第55章
第二日,看着熟悉的场景、熟悉的人,辛夷转身压在尚在睡梦中的傅清予身上,说是压,其实更像是紧紧贴着。
她双手撑在两侧,低头光明正大地数起傅清予卷翘的睫毛,观察他细腻的皮肤,以及听他那起起伏伏的呼吸声。
正所谓是一回生,二回熟,辛夷改变放人走的主意,她决定要做个自私的帝王。
傅清予悠悠转醒时,一睁眼便瞧见一张带笑的脸,是辛夷。她撑着手臂,歪头看着他。
那笑与从前的一样,是发自内心的笑,晴朗又充满温度。
这一次比上次还要放肆,傅清予几乎哭了一整夜,他怕一切都是自己的一甘情愿,又怕是虚妄的美梦。
过度失水导致他嗓子干哑,说出的话也断断续续:“你不去上早朝吗?”
天色大白,亮得他能看清辛夷眼底的满意,还有她脸上若隐若现的犹豫——是他看不懂也看不透的她。
他屏住呼吸,又重复了一遍。
这次辛夷终于有了动作,只见她越来越靠近自己,然后贴在他的脸上!傅清予深吸了一口气,主动道:“三殿下确实找过我,她想借我的手给你下毒,但我没同意。”
傅清予语气有些嘲弄:“她找我害你,是她找错了人。”
无论是辛大人还是傅将军,都以为他和辛夷相看相厌,可事实并非如此。他便是不喜欢辛夷,也不会用这种下作的方法害人。
傅清予眼底闪过一丝痛苦,他捂住辛夷微微张开的唇,动作缓慢地来回摇摇头:“你不用说,先听我说完。先前我让你放过三殿下,那时候我担心你,我怕你被有心之人弹劾——如今看来,是我想错了,还有一个缘由便是,三殿下曾救过我一命,是我不该拿来报恩。”

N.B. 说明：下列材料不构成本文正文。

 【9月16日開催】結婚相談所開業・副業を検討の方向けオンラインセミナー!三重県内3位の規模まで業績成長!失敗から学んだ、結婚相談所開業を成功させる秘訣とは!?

说罢,他松开手,神情紧张地盯着辛夷,他在等在最后的审判。
不料辛夷什么都没说,她坐起身来,抱着半边锦被,靠在床头慢悠悠道:“这些我都知道,不过——”
傅清予的心被揪了起来,他迷茫呢喃:“不过?”
辛夷:“谁跟你说是帝三救了你,她又何时救了你?”
傅清予以为辛夷是怀疑的他话,一时间他既是难过又有一丝潜藏心底的欣喜,他低声道:“三年前郊外秋猎,我惹你生气,那时候我寻到那里欲向你道歉,可我没找到你。三殿下为了带我找你,甚至为了救我受伤。”

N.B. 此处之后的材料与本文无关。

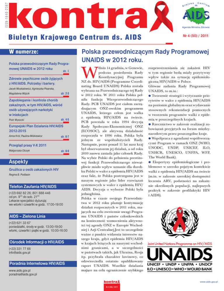 I S S N -16 4 0 -23 67 Agenda Ministra Zdrowia Biuletyn Krajowego Centrum ds. AIDS W numerze: Polska przewodniczącym Rady Programowej UNAIDS w 2012 roku str. 1 Zdrowie psychiczne osób żyjących z HIV/AIDS. Potrzeby i bariery. Jacek Moskalewicz, Agnieszka Pisarska, Magdalena Wójcik str. 2-3 Zapobieganie i kontrola chorób zakaźnych, w tym HIV/AIDS, wśród osób używających narkotyki w iniekcjach Piotr Wysocki str. 4-5 Europejski Plan Działania HIV/AIDS 2012-2015 Anna Król, Paulina Miśkiewicz str. 6-7 Przegląd prasy V-X 2011 Małgorzata Olczyk str. 8-9 Aspekty Gruźlica u osób zakażonych HIV Regina B. Podlasin Telefon Zaufania HIV/AIDS (+22) 692 82 26; 801 888 448 od pn. 900 do sob. 2100 Lekarze specjaliści dyżurują: we wtorki i czwartki w godz. 17:00-19:00 AIDS – Zielona Linia (+22) 621 33 67 poniedziałki, środy w godz. 13:00-19:00 wtorki, czwartki i piątki w godz. 10:00-16:00 Ośrodek Informacji o HIV/AIDS (+22) 331 77 66 [email protected] Poradnia Internetowa HIV/AIDS www.aids.gov.pl [email protected] Nr 4 (50) / 2011 Polska przewodniczącym Rady Programowej UNAIDS w 2012 roku. W dniu 14 grudnia, w Genewie, podczas posiedzenia Rady Koordynacyjnej Programu NZ ds. HIV/AIDS (Programme Coordinating Board UNAIDS) Polska została wybrana na Przewodniczącego tej Rady w 2012 roku. W 2011 roku Polska pełniła funkcję Wiceprzewodniczącego Rady. PCB UNAIDS jest ciałem zarządzającym ONZ-owskim programem UNAIDS, którego celem jest walka z epidemią HIV/AIDS na świecie. PCB powstała w roku 1994 decyzją Rady Społeczno-Ekonomicznej ONZ (ECOSOC), ale aktywną działalność rozpoczęła w 1996 roku. Polska była jednym ze współzałożycieli Rady. Następnie, przez ponad 11 lat nasz kraj był obserwatorem jej działań, a od roku 2010 znowu zasiada jako członek Rady. Na wybór Polski do pełnienia prestiżowej funkcji Przewodniczącego niewątpliwie miało wpływ uznanie dla dorobku Polski w walce z epidemią HIV/AIDS oraz fakt, że Polska postrzegana jest w naszym regionie jako lider rozwiązań systemowych w walce z epidemią HIV/ AIDS. Decyzja o wyborze Polski była jednogłośna. Polska w czasie swojego Przewodnictwa w 2012 roku planuje kontynuację działań rozpoczętych w 2011 roku, mających na celu zwrócenie uwagi Programu UNAIDS i państw członkowskich na konieczność wzmocnienia aktywności tej agendy ONZ w Europie Wschodniej i Azji Centralnej.Jest to szczególnie ważne z punktu widzenia interesów naszego kraju, gdyż epidemia HIV/AIDS w krajach leżących za naszymi wschodnimi granicami, a w szczególności w państwach takich, jak Ukraina, Rosja itp. przybrała charakter lawinowy, co odzwierciedla ostatnio opublikowany raport UNAIDS. Wszelkie działania mające na celu ograniczenie szybkiego rozprzestrzeniania się zakażeń HIV w tym regionie będą miały pozytywny wpływ także na sytuację epidemiologiczną HIV/AIDS w Polsce. Główne zadania Rady Programowej UNAIDS, to m.in.: ● Tworzenie strategii i wytyczanie priorytetów w walce z epidemią HIV/AIDS na poziomie globalnym oraz wydawanie stosownych rekomendacji pomocnych w tworzeniu programów walki z epidemią w poszczególnych krajach. ● Rzecznictwo w zakresie realizacji zobowiązań przyjętych na forum międzynarodowym przez poszczególne kraje. ● Współpraca z agendami współtworzącymi Program w ramach ONZ (WHO, UNODC, UNDP, UNICEF, ILO, UNHCR, UNESCO, UNFPA, WFP, The World Bank). ● Ekspertyzy epidemiologiczne i problemowe w szeroko pojętym kontekście walki z epidemią HIV/AIDS na świecie (m.in. w zakresie szerokiej dostępności leczenia ARV, podatności na zakażenie określonych populacji, najlepszych praktyk w zakresie profilaktyki HIV i AIDS). www.aids.gov.pl Nr 4 (50) / 2011 2 Zdrowie psychiczne osób żyjących z HIV/AIDS. Potrzeby i bariery. P otrzeby psychiczne osób żyjących z HIV/AIDS pozornie wydają się mieć drugorzędne znaczenie w porównaniu z zagrożeniem dla zdrowia i życia, jakie niesie za sobą infekcja HIV. Walka z wirusem jest też priorytetem odpowiednich służb medycznych. Dlatego też wśród licznych badań i prac na temat problemów wynikających z HIV/AIDS problemy zdrowia psychicznego pojawiają się stosunkowo rzadko. Studium „Mental Health and HIV/AIDS”1 – współfinansowane przez Komisję Europejską – jest pierwszym badaniem podejmującym tę problematykę w Polsce oraz jednym z pierwszych w tej części Europy. Badanie prowadzone w siedmiu krajach Europy Środkowo-Wschodniej obejmowało wiele przedsięwzięć badawczych, w tym analizę instytucjonalną, analizę dokumentacji medycznej, badania metodą delficką oraz zogniskowane wywiady grupowe (grupy fokusowe). Wyniki badań dotyczących instytucji opieki zostały przedstawione w artykule w Kontrze nr 2 (48)2. W tym artykule zamierzamy przedstawić wyniki zogniskowanych wywiadów grupowych realizowanych w kilku miastach w Polsce. Celem wywiadów była identyfikacja potrzeb, barier oraz wskazanie dobrych rozwiązań w zakresie zdrowia psychicznego osób żyjących z HIV/AIDS. Dyskusja skoncentrowana była wokół trzech pytań badawczych: ● Jakie są potrzeby w zakresie zdrowia psychicznego osób żyjących z HIV/ AIDS? ● Jakie bariery utrudniają osobom żyjącym z HIV/AIDS dostęp do pomocy i wsparcia w zakresie zdrowia psychicznego? ● o należałoby zrobić, żeby zapewnić C odpowiednią pomoc i opiekę w zakresie zdrowia psychicznego? Przeprowadzono cztery zogniskowane wywiady grupowe z osobami żyjącymi z HIV/AIDS, w większości członkami organizacji pozarządowych. W sumie w badaniach wzięło udział 25 osób, w tym 8 kobiet. Wszystkie wywiady zostały nagrane w wersji dźwiękowej, a następnie spisane. Analiza była prowadzona przez dwóch niezależnych sędziów kompetentnych. Analizy jakościowe prowadzone były metodą nazywaną analizą tematyczną (thematic analysis), która polega na identyfikowaniu tematów pojawiających się w wypowiedziach respondent

他对三年前的事也记不清了,只记得自己是被三殿下的人送回傅府的,再后来,他就听说三殿下在秋猎时受了伤。
再后来,他问三殿下发生了什么,三殿下一脸激动对他说,只要他没出事就好。
傅清予不傻,哪怕自己没有记忆,他也知道,三殿下身上的伤定与自己有关。可他对三殿下并无男女之情。无论三殿下如何试探,他也当做不知情。再后来,三殿下实在无奈,便说不用报恩。
说到这里,傅清予忍不住添了一句:“辛夷,我很自私的,我不想拖欠任何人。但你不一样,我愿意拖欠你的人情。”
后来就发生了他劝辛夷放过三殿下,再后来,两人的关系一瞬降至冰点。
傅清予沙哑着声音:“我不知道你为何在意三殿下,我也不知道,你为何疏远了我。但,我对你始终如一。”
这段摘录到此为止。